Super-Flat ASTs

100•mmphosis•2mo ago

Comments

mitchellh•1mo ago

For a good example of this sort of pattern in the real world, take a look at the Zig compiler source code. I'm sure others might do it but Zig definitely does. I have a now very outdated series on some of the Zig internals: https://mitchellh.com/zig/parser And Andrew's old DoD talk is very good and relevant to this: https://vimeo.com/649009599

More generally, I believe its fair to call this a form of handle-based designs: https://en.wikipedia.org/wiki/Handle_(computing) Which are EXTREMELY useful for a variety of reasons and imo woefully underused above the lowest system level.

sestep•1mo ago

My hypothesis is that handles are underused because programming languages make it very easy to dereference a pointer (you just need the pointer) whereas "dereferencing" a handle requires also having the lookup table in hand at the same time, and that little bit of extra friction is too much for most people. It's not that pointers don't require extra machinery to be dereferenced, it's just that that machinery (virtual memory) is managed by the operating system, and so it's invisible in the language.

My current research is about how to make handles just as convenient to use as pointers are, via a form of context: like a souped-up version of context in Odin or Jai if one is familiar with those, or like a souped-up version of coeffects if one has a more academic background.

densh•1mo ago

Great summary and I think your argument is sound.

faresahmed•1mo ago

I think that it's a generic programming problem: pointers are easier because the type of the pointee is easy to get (a deref) and also its location (memory) but with index-based handles into containers you can no longer say that given a handle `H` (type H = u32) I can use it to get a type `T` and not only that, you've also introduced the notion of "where", that even if for each type `T` there exists a unique handle type `H` you don't know into which container instance does that handle belong. What you need is a unique handle type per container instance. So "Handle of Pool<T>" != "Handle of Pool<T>" unless the Pool is bound to the same variable.

As far as I know no language allows expressing that kind of thing.

sestep•1mo ago

I think actually Scala does exactly this style of inferring the container instance from its type: https://docs.scala-lang.org/scala3/book/ca-context-parameter...

But from what I understand (being a nonexpert on Scala), this scheme actually causes a lot of problems. I think I've even heard that it adds more undecidability to the type system? So I'm exploring ways of managing context that don't depend on inferring backward from the type.

debugnik•1mo ago

> What you need is a unique handle type per container instance.

You can do this with path-dependent types in Scala, or more verbosely with modules in OCaml.
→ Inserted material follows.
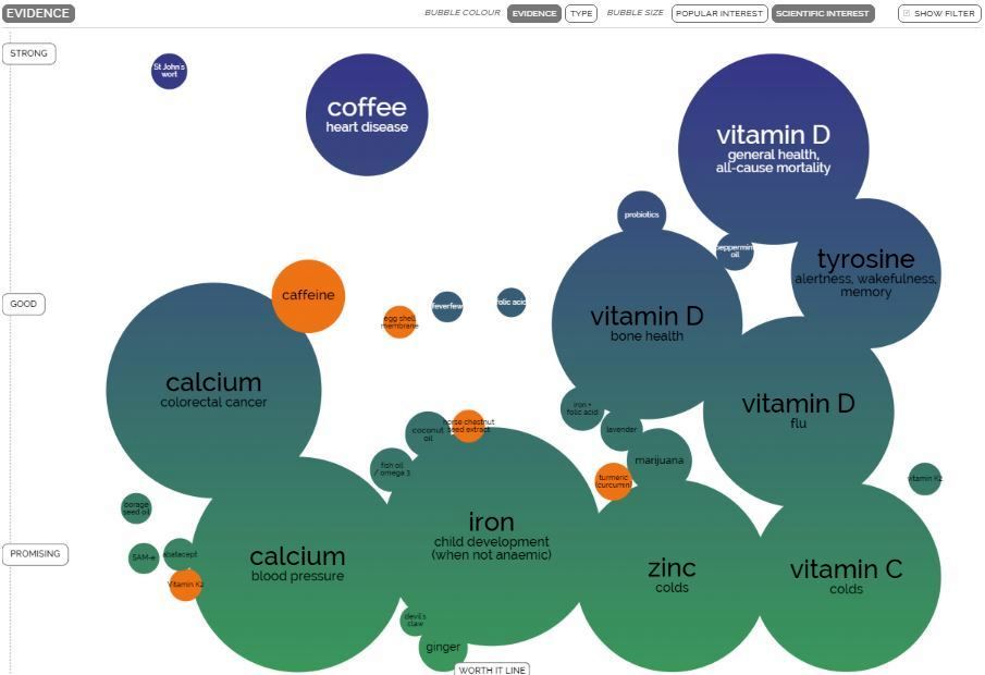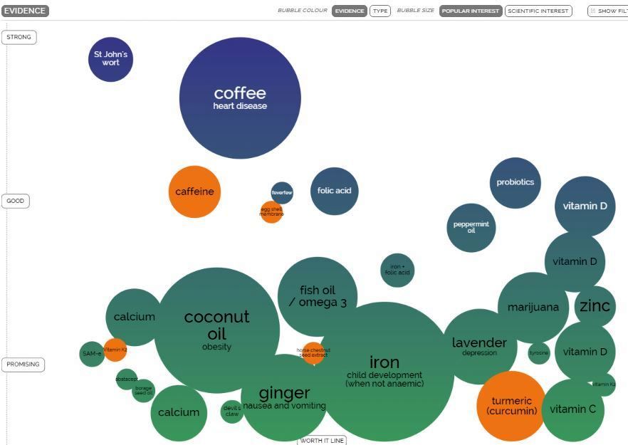 The HEIGHT of a circle is proportional to the evidence (best evidence = top)

The hard part is keeping the container name in scope wherever these handle types are used: many type definitions will need to reference the container handle types. I'm currently trying to structure code this way in my pet compiler written in OCaml.

pedrozieg•1mo ago

What I like about this writeup is that it surfaces a tension most “let’s build a compiler” tutorials skip: the AST is both a data structure and a UX boundary. Super-flat layouts are fantastic for cache and memory, but they’re hostile to all the things humans care about (debuggable shapes, easy instrumentation, ad-hoc traversals, “just print this node and its children” in a debugger). A lot of production compilers quietly solve that by having two tiers: a nice, inefficient tree for diagnostics and early passes, and increasingly flattened / interned / arena-allocated forms as you move toward optimization and codegen.
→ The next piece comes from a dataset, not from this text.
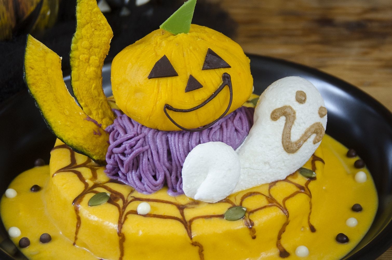 ジャックが主役のハロウィンパンケーキが今年も登場!アクイーユ自慢のしっとりパンケーキに濃厚なかぼちゃのソースをトッピング。たっぷり紫いものクリームの中にはバニラアイスが!ゆらゆらメレンゲゴーストやクモの巣模様のデコレーションで、見た目も楽しくてかわいいパンケーキでハロウィン気分をお楽しみください。

The interesting question for me is where the crossover is now that IDEs and incremental compilation dominate the workload. If your front-end is effectively a long-running service, it might be worth keeping a friendlier AST around and only using a super-flat representation for hot paths like analysis passes or bulk refactors. Otherwise you risk saving a few hundred MB while spending engineer-months making every new pass fight the layout.

loeg•1mo ago

What about this representation is hostile to humans and ad-hoc traversals? Don't convenience "getters" basically solve usability?

uaksom•1mo ago

(author here) If you run the parser under a debugger like lldb, then attempt to inspect the AST of a program, it appears as an array of u64. Not very useful, unless you work on special support for debuggers (such as a python script to unpack it in lldb). Compare that to a tree of pointers, you can "expand" nodes without any extra effort.

loeg•1mo ago

I guess that makes sense. But I don't ever look at AST in a debugger, and if I needed to, I'd just write some python helpers.

munificent•1mo ago

It looks like, overall, this design gets the parser about twice as fast as a simple one that creates tree-like ASTs.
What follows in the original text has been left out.